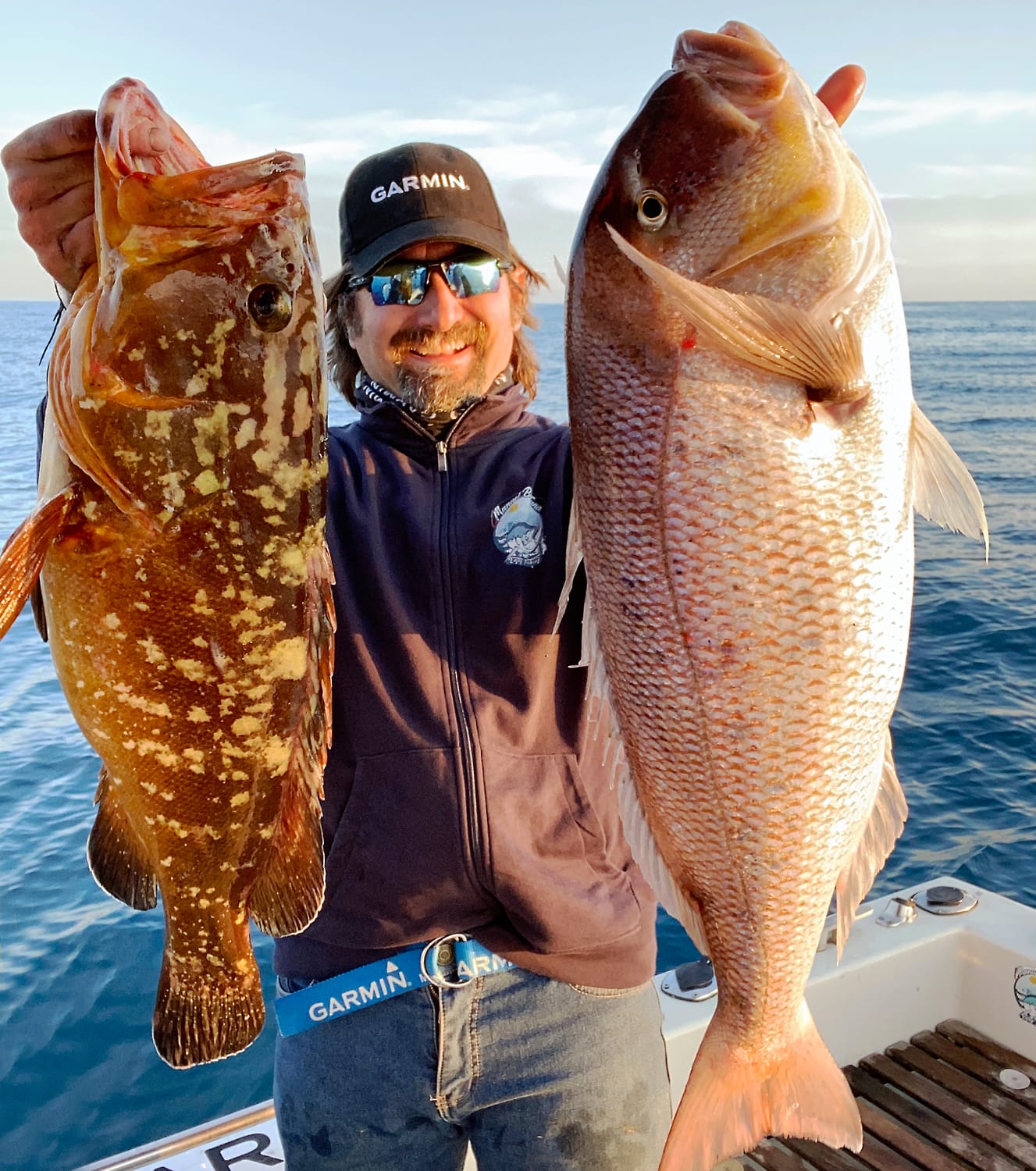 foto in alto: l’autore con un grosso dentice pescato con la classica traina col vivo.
...
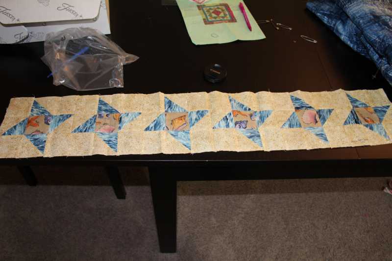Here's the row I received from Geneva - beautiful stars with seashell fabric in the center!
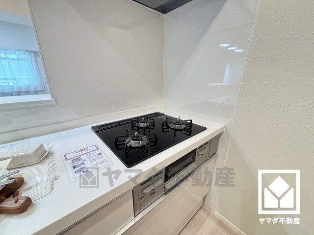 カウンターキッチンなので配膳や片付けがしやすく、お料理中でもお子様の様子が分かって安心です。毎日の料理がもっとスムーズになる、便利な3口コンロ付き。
* * *
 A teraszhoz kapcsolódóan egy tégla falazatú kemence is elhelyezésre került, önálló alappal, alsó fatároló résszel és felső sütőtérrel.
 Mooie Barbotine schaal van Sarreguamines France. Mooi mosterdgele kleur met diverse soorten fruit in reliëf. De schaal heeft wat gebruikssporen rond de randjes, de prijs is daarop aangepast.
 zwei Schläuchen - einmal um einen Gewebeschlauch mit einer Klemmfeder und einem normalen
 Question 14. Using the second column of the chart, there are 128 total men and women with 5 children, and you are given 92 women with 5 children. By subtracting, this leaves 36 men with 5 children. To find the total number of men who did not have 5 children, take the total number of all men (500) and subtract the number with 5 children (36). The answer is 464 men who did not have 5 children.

— WORK REQUEST —
Would you output the lines above from the line holding "Here's the row" up to and including the line holding "カウンターキッチンなので配膳", exactly and only those, with no pictures?

— RESPONSE BELOW —
Here's the row I received from Geneva - beautiful stars with seashell fabric in the center!
 カウンターキッチンなので配膳や片付けがしやすく、お料理中でもお子様の様子が分かって安心です。毎日の料理がもっとスムーズになる、便利な3口コンロ付き。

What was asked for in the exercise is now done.